Cheney Asks to Talk to the President – Moments later, Scott receives another report over his radio. He passes on what he is told to Cheney, saying, “Sir, the plane headed for us just hit the Pentagon.” Cheney will comment, “Now I knew for certain that Washington as well as New York was under attack, and that meant that President Bush, who had been at an elementary school in Florida, had to stay away.” [Cheney and Cheney, 2011, pp. 1-2] Cheney and the Secret Service agents with him therefore stop in an area of the tunnel where there is a bench to sit on and a secure phone, and Cheney says he wants to speak to the president. It takes some time for his call to get connected, however, and so he will speak to Bush at 9:45 a.m. (see (9:45 a.m.-9:56 a.m.) September 11, 2001). [9/11 Commission, 7/24/2004, pp. 40; Hayes, 2007, pp. 335] There is also a television in the tunnel, on which Cheney will see the coverage of the burning Pentagon after the building has been hit (see 9:39 a.m.-9:44 a.m. September 11, 2001). The vice president will be joined in the tunnel by his wife, Lynne Cheney, at around 9:55 a.m. (see (9:55 a.m.) September 11, 2001). The Cheneys will enter the PEOC shortly before 10:00 a.m., according to the 9/11 Commission Report (see (9:58 a.m.) September 11, 2001). [White House, 12/17/2001; 9/11 Commission, 7/24/2004, pp. 40]
9:37 a.m.

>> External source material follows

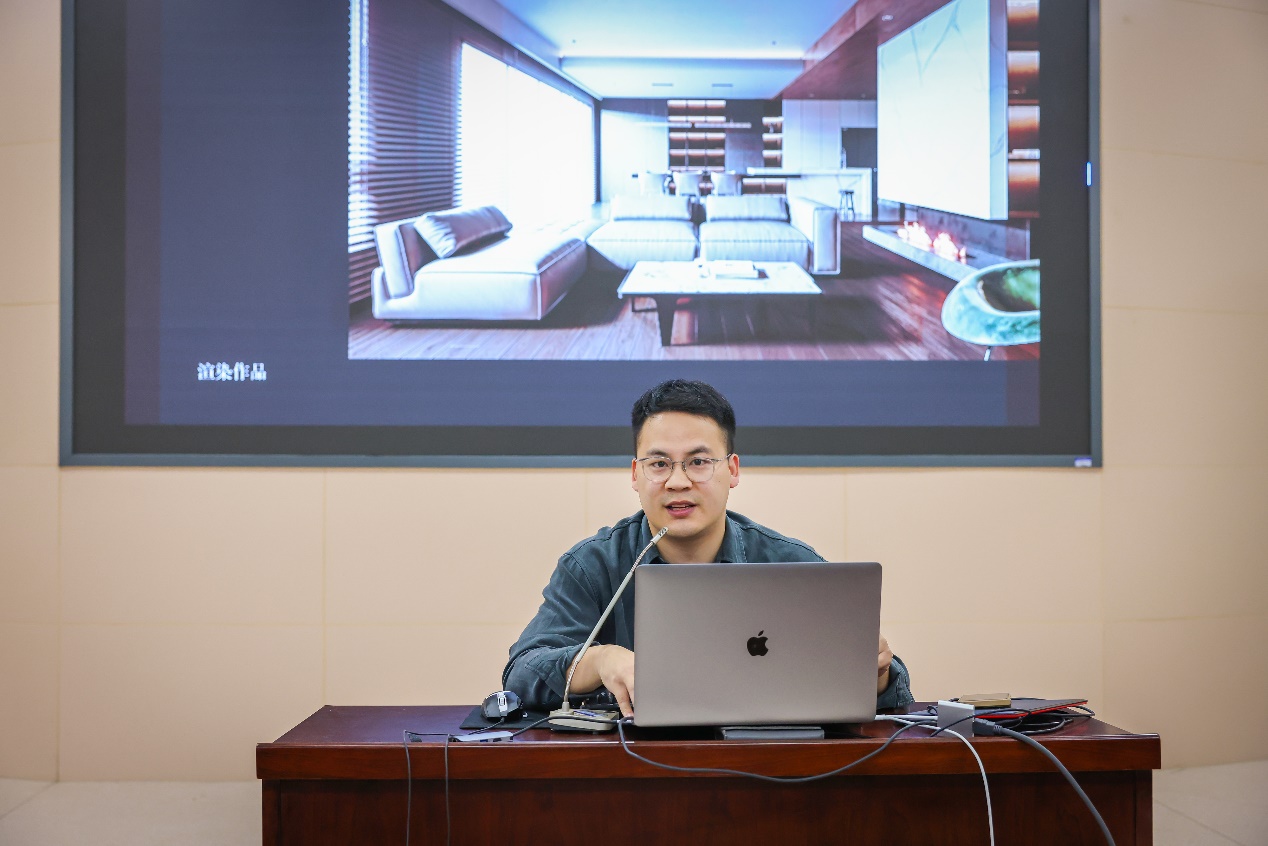 会上,赵一飞以亲身经历和从业体验为切入点,通过风趣幽默的语言与学弟、学妹们分享了本专业的就业现状和前景。随后,他就学习设计的具体方法、各类设计软件对比、软件应用与工作实践等方面,详细阐述了行业与软件应用的关联,并现场用CAD、Photoshop、sketchup、3Dmax等软件演示了室内设计从项目接触到设计方案完成的全流程。最后针对同学们关于AI技术是否会取代设计行业、软件所需系统配置等问题进行详细解答。三个半小时的时间在不知不觉中飞快流逝,会议在热烈的掌声中圆满结束。
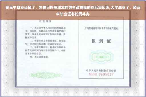 高中毕业证掉了,最好不要把朋友的姓名改成自己的, 高中毕业证书由省教育厅统一管理,省、市两级教育主管部门审查、验印,毕业证书一律于毕业当年颁发,不予补发。但教育局可以办理基础教育学校毕业证书遗失证明,具体程序如下:(1)本人到原毕业学校查核毕业证书存根或出具证明;(2)本人登报声明原证遗失作废;(3)本人持证明、报纸、照片等材料到市教育局基础教育科申报;(4)教育局核发遗失证明。 如果只是出国留学需要,到学校开具高中毕业证明及高中三年学习成绩后,再到公证处做个公证也就可以了。

September 11, 2001: Passenger Mark Bingham Calls His Mother from Flight 93 and Tells Her about the Hijacking
Mark Bingham, a passenger on Flight 93, calls his mother from the plane and tells her his flight has been taken over by three men who say they have a bomb. [Federal Bureau of Investigation, 9/11/2001; 9/11 Commission, 8/26/2004, pp. 41, 99] Bingham’s mother, Alice Hoglan, is currently at the home of her brother, Vaughn Hoglan, and his wife, Kathy Hoglan, in Saratoga, California, where she has been staying to help the couple care for their young children. [Federal Bureau of Investigation, 9/11/2001; Federal Bureau of Investigation, 9/17/2001; San Francisco Chronicle, 9/10/2003] Bingham calls her using a GTE Airfone in row 25, near the back of the plane. [9/11 Commission, 5/13/2004
; San Jose Mercury News, 9/10/2011; McMillan, 2014, pp. 122]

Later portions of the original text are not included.